Work required: The result should be an exact copy of only the lines from the one with "Η επιχείρησή μας" through the last line of the data below, with pictures omitted.
# # # #
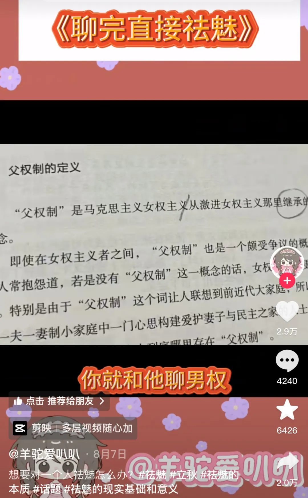 抖音则专注情感祛魅,各种情专和营销号每天教你对异性祛魅。“即便你眼前这个人是现阶段你认知总和里的最优解,你也不会喜欢太久。”情专心碎小K以苦口婆心的劝说风格涨粉,他认为“一个男的条件再好,没用到你身上,关你屁事!”转头心碎小K就被女友爆出轨和无缝衔接。
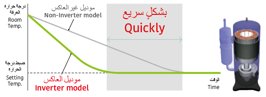 Inverter models cool faster than non-inverter models.
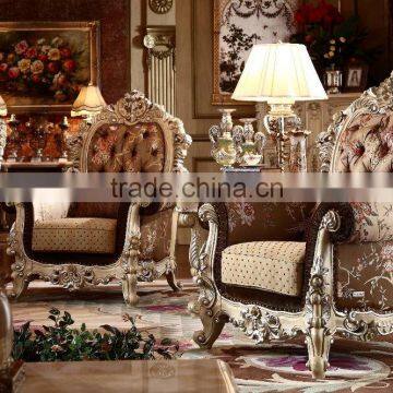 Palace Classic Hand Carved Wooden Upholstery Living Room Sofa Set Furniture(MOQ=1 SET)
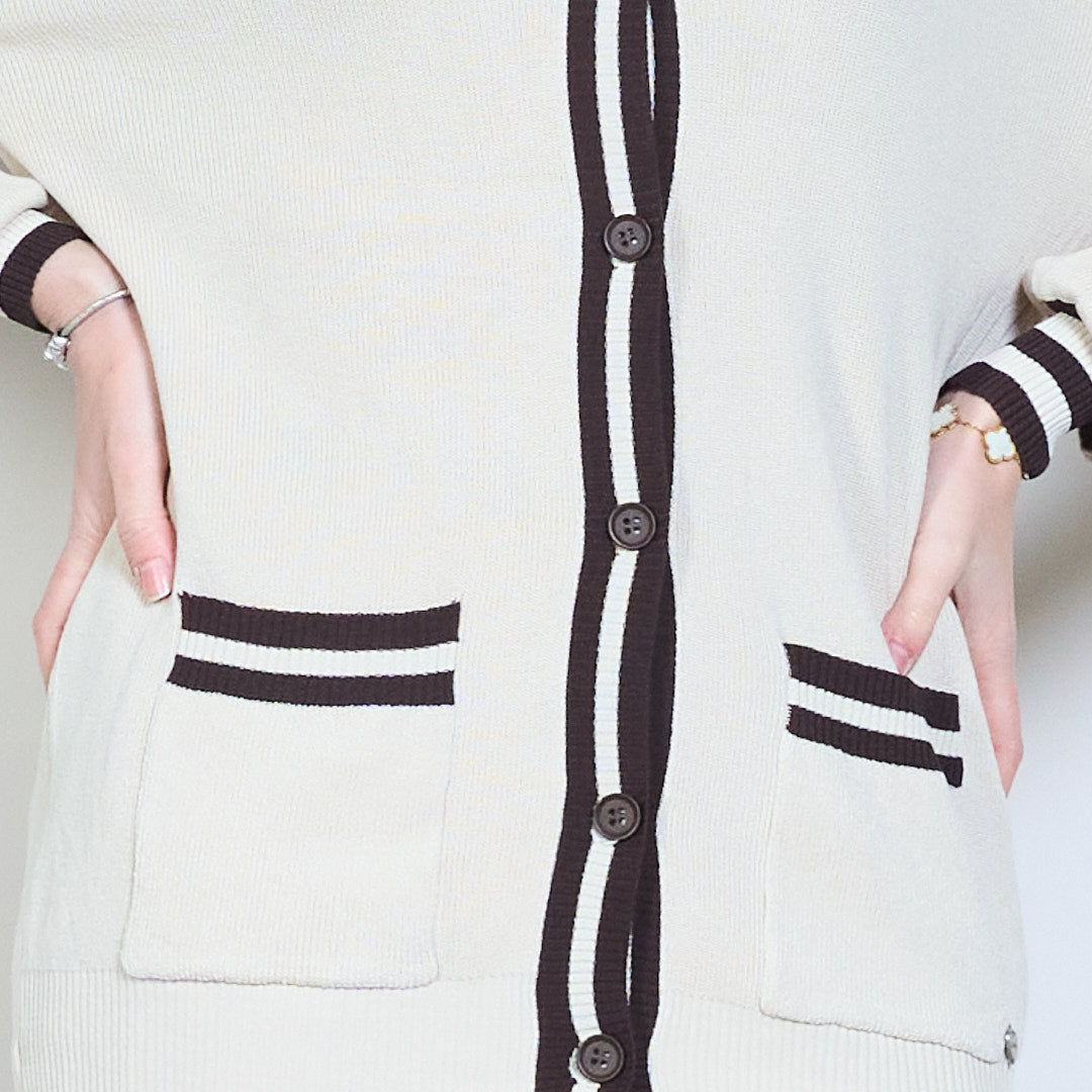 - Cardigan har fickor framtill och räfflad kontrastkant för en raffinerad finish
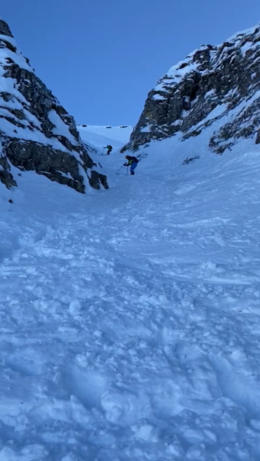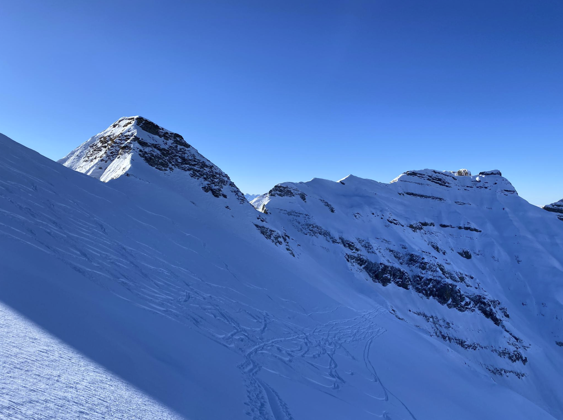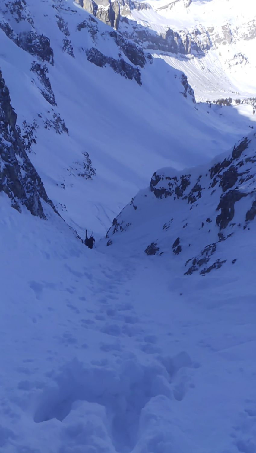 Die Austiegsspur führte durch unter/ober Mutterort und ist gut angelegt. Der Aufstieg durch das Colouir ist mit aufgebundenen Skier in gutem Trittschnee ohne Probleme machbar. Auf der Abfahrt konnten wir das Colouir mit den Skiern abrutschen. abgefahren sind wir durch das Chräloch in meist schönem gesetztem Pulver.
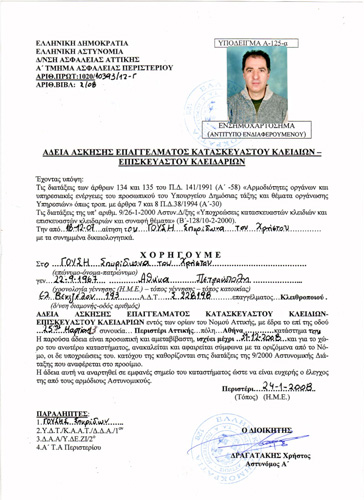 Η επιχείρησή μας ξεκίνησε τις δραστηριότητές της το 1990 με στόχο την εξυπηρέτηση του πελάτη σε όλα τα επίπεδα, από το πιο απλό κλειδί και κλειδαριά μέχρι τα πιο σύγχρονα συστήματα ασφαλείας όπως ηλεκτρονικά κλειδιά και κάρτες, κλειδαριές ηλεκτρικές - ηλεκτρονικές - βιομετρικές, συστήματα master-passepartout, access control, immobilizer αυτοκινήτων, remote control κ.λπ. Διαθέτουμε τον πιο σύγχρονο μηχανικό και ηλεκτρονικό εξοπλισμό για τη σωστή κατασκευή - λειτουργία και τεχνική υποστήριξη όλων αυτών. Μέλος συνδέσμου αναγνωρισμένων κλειθροποιών (ΣΑΕΚ).
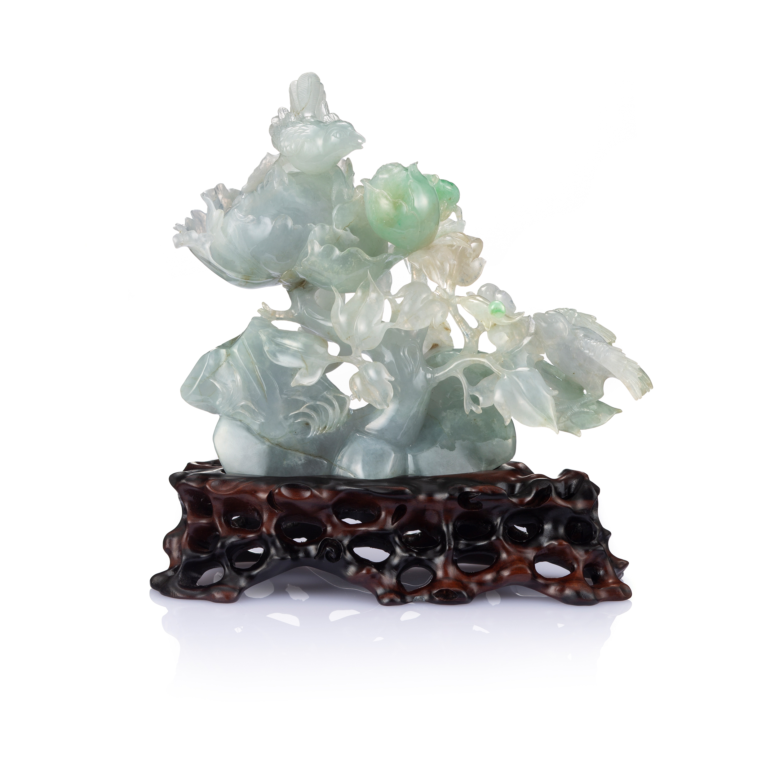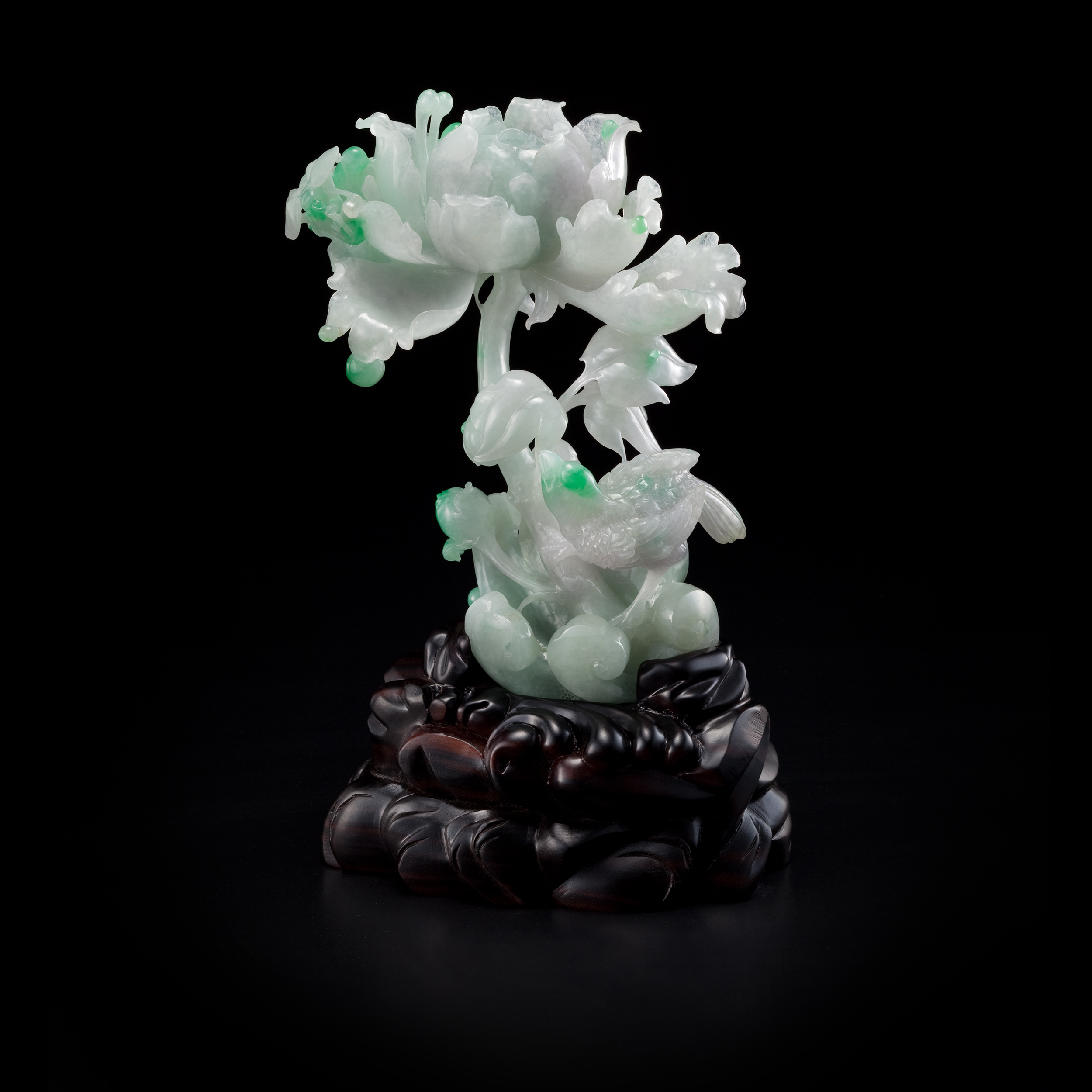翡翠質地,溫潤且堅韌,氣韻脫俗,雕作牡丹主題,除了傳達富貴佳旨,亦可同時欣賞細膩的玉作技藝,作玉者結合圓雕或透雕或浮雕等技法,精湛的構圖與琢磨的手藝,將花葉的飽滿、垂滴的露珠、蟲或鳥或獸的動態等,表現得栩栩如生,無論珠寶或雕件,既透散著溫文儒雅的柔情靈性,也綻放了永恆的繁盛與貴氣。
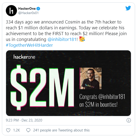 Как сообщила компания HackerOne (Сан-Франциско, США), заработать на платформе самую крупную сумму в ее истории удалось эксперту в сфере информационной безопасности из Румынии – по итогам 2020 г. размер полученного им вознаграждения за поиск уязвимостей достиг $2 млн.
# # # #
Solution to this task:
 Η επιχείρησή μας ξεκίνησε τις δραστηριότητές της το 1990 με στόχο την εξυπηρέτηση του πελάτη σε όλα τα επίπεδα, από το πιο απλό κλειδί και κλειδαριά μέχρι τα πιο σύγχρονα συστήματα ασφαλείας όπως ηλεκτρονικά κλειδιά και κάρτες, κλειδαριές ηλεκτρικές - ηλεκτρονικές - βιομετρικές, συστήματα master-passepartout, access control, immobilizer αυτοκινήτων, remote control κ.λπ. Διαθέτουμε τον πιο σύγχρονο μηχανικό και ηλεκτρονικό εξοπλισμό για τη σωστή κατασκευή - λειτουργία και τεχνική υποστήριξη όλων αυτών. Μέλος συνδέσμου αναγνωρισμένων κλειθροποιών (ΣΑΕΚ).
翡翠質地,溫潤且堅韌,氣韻脫俗,雕作牡丹主題,除了傳達富貴佳旨,亦可同時欣賞細膩的玉作技藝,作玉者結合圓雕或透雕或浮雕等技法,精湛的構圖與琢磨的手藝,將花葉的飽滿、垂滴的露珠、蟲或鳥或獸的動態等,表現得栩栩如生,無論珠寶或雕件,既透散著溫文儒雅的柔情靈性,也綻放了永恆的繁盛與貴氣。
 Как сообщила компания HackerOne (Сан-Франциско, США), заработать на платформе самую крупную сумму в ее истории удалось эксперту в сфере информационной безопасности из Румынии – по итогам 2020 г. размер полученного им вознаграждения за поиск уязвимостей достиг $2 млн.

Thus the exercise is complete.